I came across the fact that the following function defines a family of ellipses with focal distance $f$, parameterized by the value of the function:
$$\frac{x-f+\sqrt{(x-f)^2+y^2}}{x+f+\sqrt{(x+f)^2+y^2}}=\text{const.}$$
I was able to convert this expression algebraically into the canonical form of the ellipse (very lengthy calculation), and I found a short neat proof that uses the geometric definition of the ellipse, as such:
Define the projected distances of the point to the foci: $$x-f=z_1,\quad x+f=z_2$$ And real distances of the point to the foci: $$\sqrt{(x-f)^2+y^2}=r_1,\quad \sqrt{(x+f)^2+y^2}=r_2$$ By properties of ellipse, we have $$r_2+r_1=2a,\quad z_2-z_1=2f$$
Add and subtract these two equations: $$(r_2+z_2)+(r_1-z_1)=2(a+f)$$ $$(r_2-z_2)+(r_1+z_1)=2(a-f)$$ Multiply top by $r_1+z_1$ and bottom by $r_2+z_2$: $$(r_2+z_2)(r_1+z_1)+\color{red}{(r_1-z_1)(r_1+z_1)}=2(a+f)(r_1+z_1)$$ $$\color{red}{(r_2-z_2)(r_2+z_2)}+(r_1+z_1)(r_2+z_2)=2(a-f)(r_2+z_2)$$ Left hand sides are identical because the red parts equal through Pythagoras' theorem to the same perpendicular distance of the point $(x,y)$ to the $x$ axis, so we retrieve $$\frac{r_1+z_1}{r_2+z_2}=\frac{a-f}{a+f}$$ QED.

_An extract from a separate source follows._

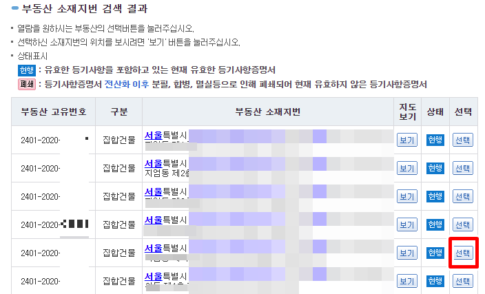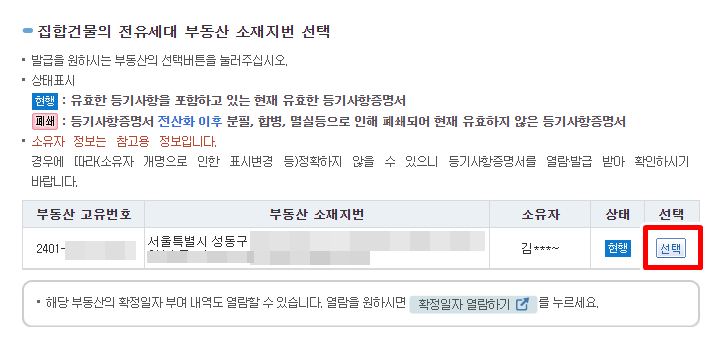 4. 출력하려는 건물 또는 토지의 선택을 클릭합니다.

Can you help me find a constructional geometric proof (no algebraic manipulations, such as difference of squares and addition/subtraction of equations)?
I'm having difficulty finding a construction that puts $r+z$ on the same line, and to prove a ratio of two such distances are constant (similar triangles?). I tried with circular directrix, but I can't relate $r_1+z_1$ to $r_2+z_2$.